After Hurricane Katrina, “What we saw was a remaking of the city that in no way privileged low-income POC perspectives or workers’ rights,” says Caroline Keegan, a geography scholar who conducted fieldwork with New Orleans workers in Unite Here when they organized as Local 2262. She points to the collapse of the Hard Rock Hotel in October 2019, when three workers doing construction on the building in Downtown New Orleans died, and dozens of primarily undocumented workers were injured.
“We’ve seen those sacrifices play out over and over in more and less spectacular fashion,” Keegan says. It is not possible to count just how many cooks and food workers died from Covid or working through illness since 2020, and well before. On the push to reopen tourism and get the service industry running again at any cost, Keegan has no illusions: “Do I think people will be sacrificed to this?
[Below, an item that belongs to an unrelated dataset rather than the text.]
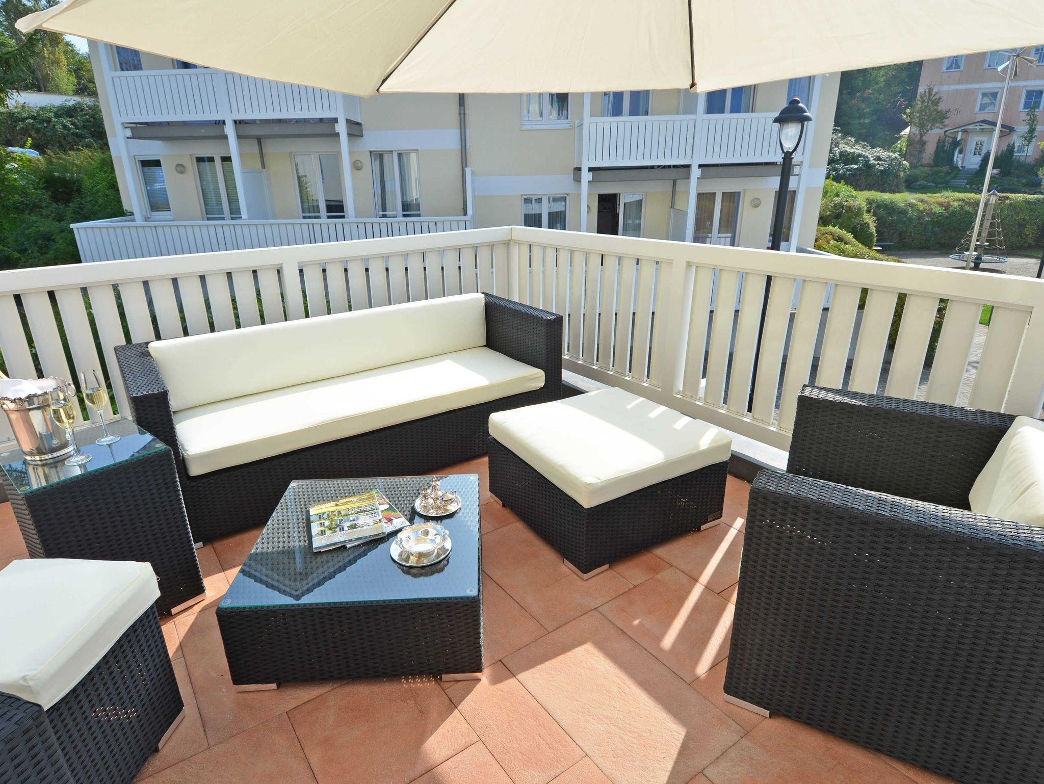 Gemütliches Zwei-Raum-Appartement mit großer Südterrasse in Binz, ideal für entspannte Urlaubstage.

Yes.”
With all these realities laid bare, a growing labor movement and a collaborative local organizing culture has started the process of effecting structural change. Organizers in New Orleans describe a highly coalitional grassroots network, in which tenant and community activists end up supporting tourism and hospitality workers by virtue of the industry’s ubiquity locally. Groups like Take ‘Em Down NOLA have fought to remove Confederate monuments while simultaneously building support systems for local workers, tying the history of white supremacy to ongoing labor exploitation.
Scholar Lynnell Thomas, who grew up in New Orleans and considers herself a part of the post-Katrina diaspora, says New Orleans’ vibrant cultural arts scene has filled social and political gaps throughout the city’s history. In the Flambeaux Strike of 1946, torch carriers striked for higher wages during Mardi Gras. The Young Men Olympian Jr. Benevolent Association, a Black mutual aid organization founded in 1884, facilitated burial rites, parades and distribution of resources to their communities. Food, music, and art animate New Orleans, and respect for the work that it takes to create these things are well-established in residents, even when the powers that be don’t show this same respect.
New unions, which build more robust democratic participation and grassroots infrastructure generally, have activated workers and families, and have been buoyed by the changing national conversation about essential workers’ rights. Union approval ratings are high at two-thirds of Americans—the highest they have been since 1965.
Perhaps, under these emerging conditions, workers will find new ways to live without fear and shape their own lives. In New Orleans, a majority Black city at the nexus of the Deep South and the Caribbean, the significance of labor remaking its relationship with food, craft and the land speaks for itself.
And for all American restaurant workers, demanding dignity from a food system built to deny it is a revolutionary project that can transform how we relate, consume and live together.